Supplied records:

=== Begin Enclosure ===

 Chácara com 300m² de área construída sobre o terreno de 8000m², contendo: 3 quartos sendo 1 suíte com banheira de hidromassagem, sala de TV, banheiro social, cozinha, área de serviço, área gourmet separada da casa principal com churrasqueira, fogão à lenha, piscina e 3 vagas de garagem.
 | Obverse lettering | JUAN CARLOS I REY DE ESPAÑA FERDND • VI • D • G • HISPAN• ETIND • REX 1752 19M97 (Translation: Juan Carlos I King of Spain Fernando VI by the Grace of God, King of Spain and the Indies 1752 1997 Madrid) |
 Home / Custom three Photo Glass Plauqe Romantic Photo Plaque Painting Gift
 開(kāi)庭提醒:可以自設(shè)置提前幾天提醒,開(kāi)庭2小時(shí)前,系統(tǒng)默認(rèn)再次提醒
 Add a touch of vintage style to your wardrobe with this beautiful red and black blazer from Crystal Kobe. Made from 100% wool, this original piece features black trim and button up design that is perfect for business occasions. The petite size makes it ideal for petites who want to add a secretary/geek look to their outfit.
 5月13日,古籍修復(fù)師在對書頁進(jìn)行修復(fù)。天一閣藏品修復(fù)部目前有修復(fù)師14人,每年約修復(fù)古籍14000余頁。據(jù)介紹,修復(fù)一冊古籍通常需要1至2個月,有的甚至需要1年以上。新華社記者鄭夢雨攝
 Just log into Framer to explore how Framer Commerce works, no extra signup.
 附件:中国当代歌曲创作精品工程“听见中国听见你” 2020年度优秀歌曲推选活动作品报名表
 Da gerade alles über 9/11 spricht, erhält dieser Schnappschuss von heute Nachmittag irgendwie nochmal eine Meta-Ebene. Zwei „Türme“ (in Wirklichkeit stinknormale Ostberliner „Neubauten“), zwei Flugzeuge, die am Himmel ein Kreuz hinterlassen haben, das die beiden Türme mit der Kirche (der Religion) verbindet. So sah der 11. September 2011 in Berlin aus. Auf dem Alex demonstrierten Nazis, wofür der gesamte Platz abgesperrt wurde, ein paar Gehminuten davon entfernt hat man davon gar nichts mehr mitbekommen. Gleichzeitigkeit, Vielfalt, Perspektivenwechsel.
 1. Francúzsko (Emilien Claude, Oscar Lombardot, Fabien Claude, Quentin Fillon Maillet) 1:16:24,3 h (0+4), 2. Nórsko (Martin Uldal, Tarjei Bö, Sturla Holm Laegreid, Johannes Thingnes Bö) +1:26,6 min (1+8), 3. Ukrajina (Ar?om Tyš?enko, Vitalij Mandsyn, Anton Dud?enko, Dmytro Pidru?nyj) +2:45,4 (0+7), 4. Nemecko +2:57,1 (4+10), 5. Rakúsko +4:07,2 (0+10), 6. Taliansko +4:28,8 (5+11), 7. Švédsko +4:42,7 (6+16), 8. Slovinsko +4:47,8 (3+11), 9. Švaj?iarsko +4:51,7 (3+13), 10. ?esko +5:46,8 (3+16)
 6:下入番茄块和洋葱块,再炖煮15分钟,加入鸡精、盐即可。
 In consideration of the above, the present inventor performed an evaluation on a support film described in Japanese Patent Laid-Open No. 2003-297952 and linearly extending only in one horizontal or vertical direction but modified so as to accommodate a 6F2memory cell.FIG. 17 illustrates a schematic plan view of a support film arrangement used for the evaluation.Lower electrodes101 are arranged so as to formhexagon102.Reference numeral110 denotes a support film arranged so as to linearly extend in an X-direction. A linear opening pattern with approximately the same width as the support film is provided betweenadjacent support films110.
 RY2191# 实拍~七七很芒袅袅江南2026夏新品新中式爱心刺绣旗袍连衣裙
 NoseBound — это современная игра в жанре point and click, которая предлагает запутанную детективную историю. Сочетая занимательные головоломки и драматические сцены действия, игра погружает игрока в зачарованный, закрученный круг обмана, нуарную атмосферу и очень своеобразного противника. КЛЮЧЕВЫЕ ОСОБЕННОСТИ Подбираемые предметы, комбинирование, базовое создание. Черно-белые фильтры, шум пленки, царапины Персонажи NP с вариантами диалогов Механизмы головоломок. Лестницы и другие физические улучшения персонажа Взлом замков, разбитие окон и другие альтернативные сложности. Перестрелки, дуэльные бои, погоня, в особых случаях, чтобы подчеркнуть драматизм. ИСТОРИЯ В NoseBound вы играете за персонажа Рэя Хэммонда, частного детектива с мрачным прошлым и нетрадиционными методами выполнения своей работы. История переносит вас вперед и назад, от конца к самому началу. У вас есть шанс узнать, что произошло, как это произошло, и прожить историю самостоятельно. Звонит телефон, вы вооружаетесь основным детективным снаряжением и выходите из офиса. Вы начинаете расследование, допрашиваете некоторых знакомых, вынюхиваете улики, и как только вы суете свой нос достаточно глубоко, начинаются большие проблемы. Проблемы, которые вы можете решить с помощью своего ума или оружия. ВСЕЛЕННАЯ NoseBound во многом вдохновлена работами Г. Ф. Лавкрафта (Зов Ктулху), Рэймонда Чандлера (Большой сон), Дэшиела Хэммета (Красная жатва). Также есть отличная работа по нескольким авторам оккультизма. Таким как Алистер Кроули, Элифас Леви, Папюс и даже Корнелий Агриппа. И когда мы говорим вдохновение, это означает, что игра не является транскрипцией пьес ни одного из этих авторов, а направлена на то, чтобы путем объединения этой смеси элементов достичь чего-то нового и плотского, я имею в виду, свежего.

=== End Enclosure ===

What to produce:
Retype the entire listing word for word.

Solution for this task:
 Chácara com 300m² de área construída sobre o terreno de 8000m², contendo: 3 quartos sendo 1 suíte com banheira de hidromassagem, sala de TV, banheiro social, cozinha, área de serviço, área gourmet separada da casa principal com churrasqueira, fogão à lenha, piscina e 3 vagas de garagem.
 | Obverse lettering | JUAN CARLOS I REY DE ESPAÑA FERDND • VI • D • G • HISPAN• ETIND • REX 1752 19M97 (Translation: Juan Carlos I King of Spain Fernando VI by the Grace of God, King of Spain and the Indies 1752 1997 Madrid) |
 Home / Custom three Photo Glass Plauqe Romantic Photo Plaque Painting Gift
 開(kāi)庭提醒:可以自設(shè)置提前幾天提醒,開(kāi)庭2小時(shí)前,系統(tǒng)默認(rèn)再次提醒
 Add a touch of vintage style to your wardrobe with this beautiful red and black blazer from Crystal Kobe. Made from 100% wool, this original piece features black trim and button up design that is perfect for business occasions. The petite size makes it ideal for petites who want to add a secretary/geek look to their outfit.
 5月13日,古籍修復(fù)師在對書頁進(jìn)行修復(fù)。天一閣藏品修復(fù)部目前有修復(fù)師14人,每年約修復(fù)古籍14000余頁。據(jù)介紹,修復(fù)一冊古籍通常需要1至2個月,有的甚至需要1年以上。新華社記者鄭夢雨攝
 Just log into Framer to explore how Framer Commerce works, no extra signup.
 附件:中国当代歌曲创作精品工程“听见中国听见你” 2020年度优秀歌曲推选活动作品报名表
 Da gerade alles über 9/11 spricht, erhält dieser Schnappschuss von heute Nachmittag irgendwie nochmal eine Meta-Ebene. Zwei „Türme“ (in Wirklichkeit stinknormale Ostberliner „Neubauten“), zwei Flugzeuge, die am Himmel ein Kreuz hinterlassen haben, das die beiden Türme mit der Kirche (der Religion) verbindet. So sah der 11. September 2011 in Berlin aus. Auf dem Alex demonstrierten Nazis, wofür der gesamte Platz abgesperrt wurde, ein paar Gehminuten davon entfernt hat man davon gar nichts mehr mitbekommen. Gleichzeitigkeit, Vielfalt, Perspektivenwechsel.
 1. Francúzsko (Emilien Claude, Oscar Lombardot, Fabien Claude, Quentin Fillon Maillet) 1:16:24,3 h (0+4), 2. Nórsko (Martin Uldal, Tarjei Bö, Sturla Holm Laegreid, Johannes Thingnes Bö) +1:26,6 min (1+8), 3. Ukrajina (Ar?om Tyš?enko, Vitalij Mandsyn, Anton Dud?enko, Dmytro Pidru?nyj) +2:45,4 (0+7), 4. Nemecko +2:57,1 (4+10), 5. Rakúsko +4:07,2 (0+10), 6. Taliansko +4:28,8 (5+11), 7. Švédsko +4:42,7 (6+16), 8. Slovinsko +4:47,8 (3+11), 9. Švaj?iarsko +4:51,7 (3+13), 10. ?esko +5:46,8 (3+16)
 6:下入番茄块和洋葱块,再炖煮15分钟,加入鸡精、盐即可。
 In consideration of the above, the present inventor performed an evaluation on a support film described in Japanese Patent Laid-Open No. 2003-297952 and linearly extending only in one horizontal or vertical direction but modified so as to accommodate a 6F2memory cell.FIG. 17 illustrates a schematic plan view of a support film arrangement used for the evaluation.Lower electrodes101 are arranged so as to formhexagon102.Reference numeral110 denotes a support film arranged so as to linearly extend in an X-direction. A linear opening pattern with approximately the same width as the support film is provided betweenadjacent support films110.
 RY2191# 实拍~七七很芒袅袅江南2026夏新品新中式爱心刺绣旗袍连衣裙
 NoseBound — это современная игра в жанре point and click, которая предлагает запутанную детективную историю. Сочетая занимательные головоломки и драматические сцены действия, игра погружает игрока в зачарованный, закрученный круг обмана, нуарную атмосферу и очень своеобразного противника. КЛЮЧЕВЫЕ ОСОБЕННОСТИ Подбираемые предметы, комбинирование, базовое создание. Черно-белые фильтры, шум пленки, царапины Персонажи NP с вариантами диалогов Механизмы головоломок. Лестницы и другие физические улучшения персонажа Взлом замков, разбитие окон и другие альтернативные сложности. Перестрелки, дуэльные бои, погоня, в особых случаях, чтобы подчеркнуть драматизм. ИСТОРИЯ В NoseBound вы играете за персонажа Рэя Хэммонда, частного детектива с мрачным прошлым и нетрадиционными методами выполнения своей работы. История переносит вас вперед и назад, от конца к самому началу. У вас есть шанс узнать, что произошло, как это произошло, и прожить историю самостоятельно. Звонит телефон, вы вооружаетесь основным детективным снаряжением и выходите из офиса. Вы начинаете расследование, допрашиваете некоторых знакомых, вынюхиваете улики, и как только вы суете свой нос достаточно глубоко, начинаются большие проблемы. Проблемы, которые вы можете решить с помощью своего ума или оружия. ВСЕЛЕННАЯ NoseBound во многом вдохновлена работами Г. Ф. Лавкрафта (Зов Ктулху), Рэймонда Чандлера (Большой сон), Дэшиела Хэммета (Красная жатва). Также есть отличная работа по нескольким авторам оккультизма. Таким как Алистер Кроули, Элифас Леви, Папюс и даже Корнелий Агриппа. И когда мы говорим вдохновение, это означает, что игра не является транскрипцией пьес ни одного из этих авторов, а направлена на то, чтобы путем объединения этой смеси элементов достичь чего-то нового и плотского, я имею в виду, свежего.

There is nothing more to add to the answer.